Work required
Count the lines containing "Pistes" in the entries underneath, and state that count without anything else.

+-------+

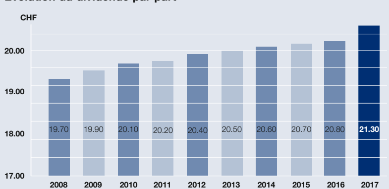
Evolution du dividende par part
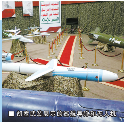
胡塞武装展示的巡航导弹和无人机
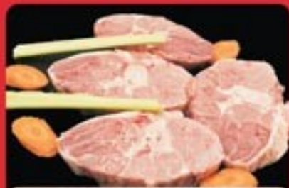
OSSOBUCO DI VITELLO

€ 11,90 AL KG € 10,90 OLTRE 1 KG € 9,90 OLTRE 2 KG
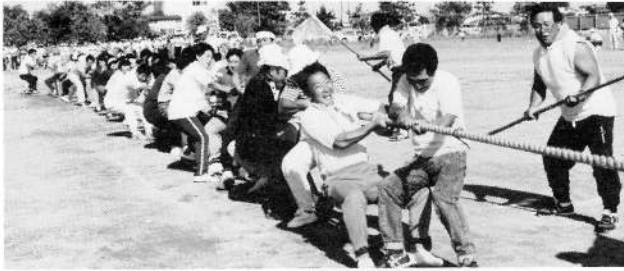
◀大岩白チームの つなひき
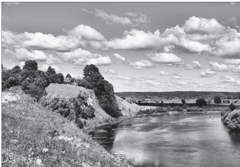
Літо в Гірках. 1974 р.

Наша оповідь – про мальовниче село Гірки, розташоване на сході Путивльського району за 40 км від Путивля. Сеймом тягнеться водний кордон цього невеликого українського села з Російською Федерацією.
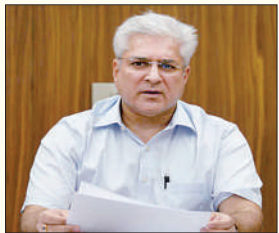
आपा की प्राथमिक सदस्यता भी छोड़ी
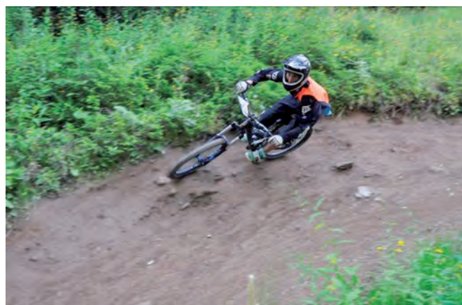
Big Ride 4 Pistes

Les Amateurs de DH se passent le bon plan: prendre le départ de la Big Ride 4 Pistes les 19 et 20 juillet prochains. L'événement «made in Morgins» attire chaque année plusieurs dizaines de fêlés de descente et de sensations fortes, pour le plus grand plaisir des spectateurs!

+-------+

Response to this exercise
2